For local butchers and others, this is their busiest time in years. Like Christmas months. And they deserve it.
But our inner cities still look like a zombie survival movie.
A few Saturdays ago I walked down Oxford Street in London in the morning and the cold that went through me had nothing to do with the weather.
It was the chill of a street that would normally be filled with shoppers now with only a few masked stragglers.
The truth is that since the Government first told us to stay in our homes in March, it has scared a large part of the population to stay indoors for the foreseeable future.
Today when he tries to kick us out of our homes it doesn’t help that the messages are so mixed up.
It is advisable to use public transport when it is not packed.
But at the same time, drivers are penalized like never before.
London’s congestion tax has exploded again, punishing drivers more than ever. So what are we supposed to do?
These contradictory messages prevent the reopening of our city centers when they must start to explode again.
So it is true that our retail economy needs a lifeline.
The Chancellor’s plan to give us money on our meals if we eat out Monday through Wednesday is one way to achieve this.
The problem is, this will all have to be paid for for a day.
Unless our economy soon starts to take off again, the bill will be much higher and more painful than anyone currently wants to say.
Government borrowing has grown faster this year than at any time on record.
The holiday program and many others have seen debt as a percentage of GDP exceed 100%.
This means that everything we are currently living on is borrowed. And like all debts, it will have to be repaid at some point.
I don’t know when I’ll pay for my lemon chicken from last week, or when the thousands of other people who took advantage of Eat Out to Help Out will pay for their meals. Maybe not.
Maybe our children or grandchildren will end up paying for the vast tab we have accumulated in 2020? Because the Chancellor’s plan is a drop in the ocean of government borrowing this year.

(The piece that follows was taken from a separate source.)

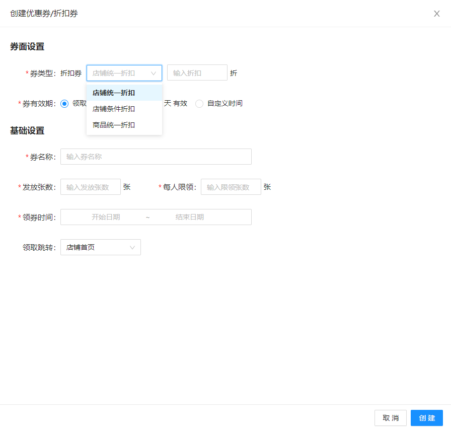 商品直减券,不需要满足金额,直接可以减券面金额,可以设置领取后直接跳转店铺主页还是商品详情页,可以指定是商品使用。

This country borrowed at a rate that never happened in peacetime.
And as a country, we have to find a way out of this mess.
Either way, we will have to prepare for tough economic times.
As the holiday program begins to end, the first cycles of redundancy are already starting to occur. If our country is to move forward, we can’t just hang around – we have to explode.
It demands that the British people be courageous.
It is true that many people with underlying health conditions will need to be careful.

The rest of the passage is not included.